The typical elongated bipolar morphology of baby hamster kidney (BHK) cells is not shown by polyoma-transformed BHK (Py-BHK) cells. Instead, the transformed line adheres poorly to tissue-culture plastic and cells have a more rounded morphology than the parent line. Plasma fibronectin is known to mediate the spreading of BHK cells, but when human serum is subjected to Sephacryl S-300 chromatography two peaks of spreading activity are eluted; the first is fibronectin and the second, which is quantitatively more significant, is a 70 K protein that is not related to fibronectin and stimulates spreading by a different mechanism.
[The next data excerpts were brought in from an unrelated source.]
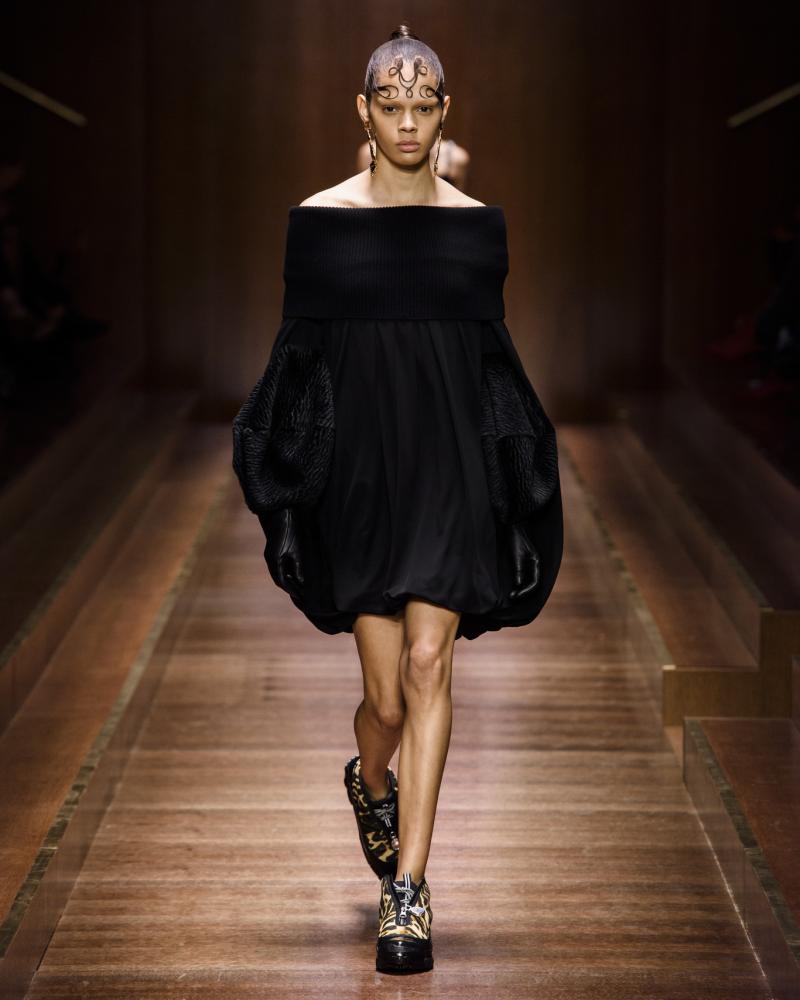El director creativo Riccardo Tisci dividió en dos las cosas. Por un lado se dejaron caer trajes masculinos con un toque sporty, vestidos negros sensuales con hombros descubiertos, mezcla de piezas entalladas y otras oversize, faldas lápiz de piel y vestidos rockeros.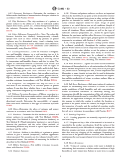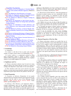 SIGNIFICANCE AND USE 4.1 Primers and primer surfacers may be used over many different surfaces top coated with one or more of a variety of coatings and subjected to many kinds of wear and exposure. 4.2 The selection of the tests to be used for any given product or system must be governed by experience and by the requirement agreed upon between the producer and the user. SCOPE 1.1 This practice covers the selection and use of procedures for testing primers and primer surfacers. 1.2 The values stated in SI units are to be regarded as the standard. The values given in parentheses are for information only. 1.3 This standard does not purport to address all of the safety concerns, if any, associated with its use. It is the responsibility of the user of this standard to establish appropriate safety, health, and environmental practices and determine the applicability of regulatory limitations prior to use. 1.4 This international standard was developed in accordance with internationally recognized principles on standardization established in the Decision on Principles for the Development of International Standards, Guides and Recommendations issued by the World Trade Organization Technical Barriers to Trade (TBT) Committee.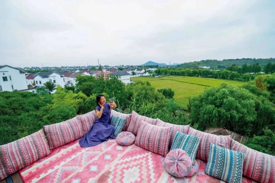 浙江嘉兴市海盐县沈荡镇,旅居在“桃源文溪”山村景区的游客。图/新华

Py-BHK cells spread well in low concentrations of purified fibronectin but will not spread well in levels of serum that contain similar or greater concentrations of fibronectin. This is because fibronectin-mediated spreading of both BHK and Py-BHK cells occurs only in the presence of low concentrations of other proteins; albumin and other serum proteins inhibit fibronectin-mediated spreading. BHK cells spread under routine culture conditions in response to the 70 K factor rather than fibronectin. The altered morphology that results from viral transformation is due to a failure of the cells to respond to the 70 K spreading factor.